#### Provide solution for RD Sharma maths Class 12 Chapter 21 Differential Equation Exercise 21.10 Question 31 textbook solution.

Answer : $\frac{y(x-1)^{3}}{x+1}\left(x^{2}-6 x+8 \log |x+1|\right)+C$

Hint : To solve this equation we use $\frac{dy}{dx}+Py=Q$ where P,Q are constnats.

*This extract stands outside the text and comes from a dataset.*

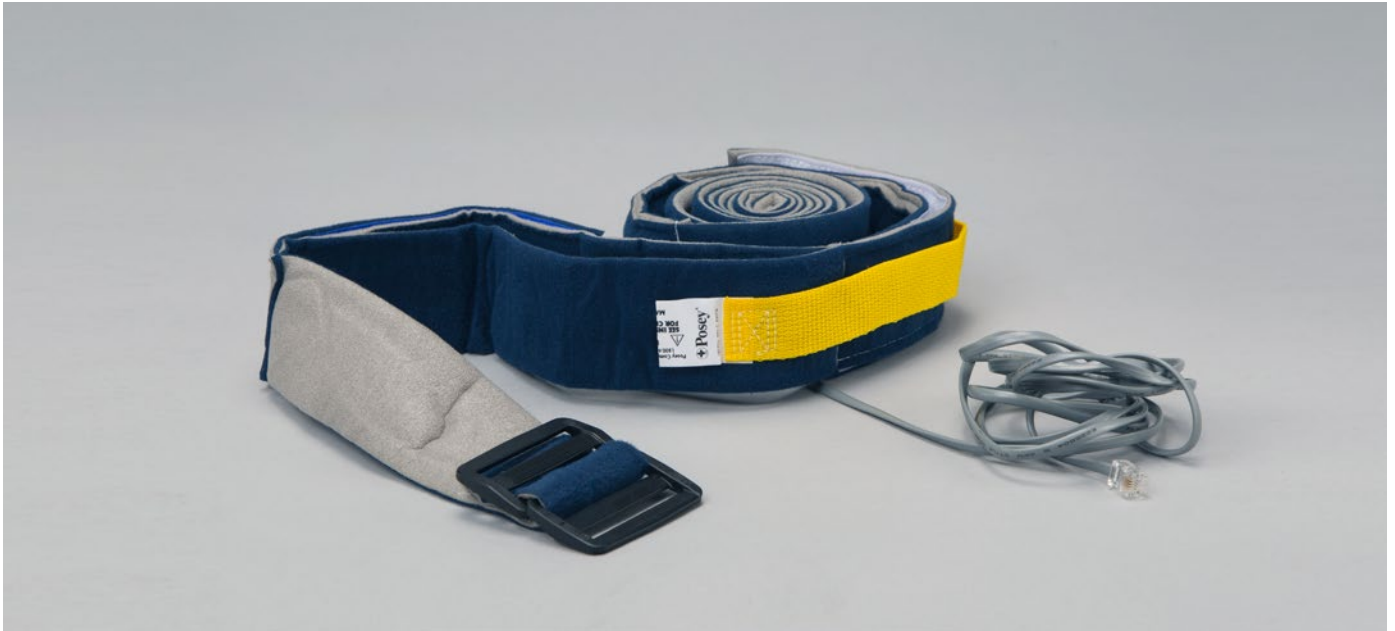
8399 | HeadStart® Notification Chair Sensor

Give : $\left(x^{2}-1\right) \frac{d y}{d x}+2(x+2) y=2(x+1)$

Solution :

\begin{aligned} &\frac{d y}{d x}+\frac{2(x+2)}{x^{2}-1} y=\frac{2}{x-1} \\ &=\frac{d y}{d x}+P y=Q \\ &P=\frac{2(x+2)}{x^{2}-1}, Q=\frac{2}{x-1} \end{aligned}

$I\, f$ of differential equation is

\begin{aligned} &I f=e^{\int \frac{2(x+2)}{x^{2}-1} d x} \\ &=e^{\int\left(\frac{2 x}{x^{2}-1}+\frac{4}{x^{2}-1}\right) d x} \\ &=e^{\int \ln \left|x^{2}-1\right|+4 \times \frac{1}{2} \ln \left|\frac{x-1}{x+1}\right|} \\ &=e^{\int \ln \left|x^{2}-1\right|+2 \ln \left|\frac{x-1}{x+1}\right|} \end{aligned}

\begin{aligned} &=e^{\int \ln \left|x^{2}-1\right|+\ln \left|\frac{(x-1)^{2}}{(x+1)^{2}}\right|} \\ &=e^{\ln \left(x^{2}-1\right) \frac{(x-1)^{2}}{(x+1)^{2}}} \\ &=e^{\ln (x+1)(x-1) \frac{(x-1)^{2}}{(x+1)^{2}}} \\ &=e^{\ln (x-1) \frac{(x-1)^{2}}{(x+1)}} \end{aligned}

\begin{aligned} &=e^{\ln \frac{(x-1)^{3}}{(x+1)}} \\ &=\frac{(x-1)^{3}}{x+1} \\ &y I f=\int \text { QIf } d x+C \end{aligned}

\begin{aligned} &=y \frac{(x-1)^{3}}{x+1}=\int\left(\frac{2}{x-1}\right) \frac{(x-1)^{3}}{x+1} d x+C \\ &=2 \int \frac{(x-1)^{3}}{x+1} d x+C \; \; \; \; \; \; \; \; \; \; \; \; \; \; \; \; \; \; \; \; \; \; \quad[x+1=t, d x=d t] \\ &=2 \int \frac{\left(t^{2}+4-4 t\right)}{t} d t \\ &=2\left[\frac{t^{2}}{2}\right]+8 \log |t|-8 t+C \end{aligned}

\begin{aligned} &=t^{2}+8 \log |t|-8 t+C \\ &=(x+1)^{2}+8 \log |x+1|-8(x+1)+C \\ &=x^{2}+2 x+1+8 \log |x+1|-8 x-8+C \\ &=y \frac{(x-1)^{3}}{(x+1)}\left(x^{2}-6 x+8 \log |x+1|\right)+C \end{aligned}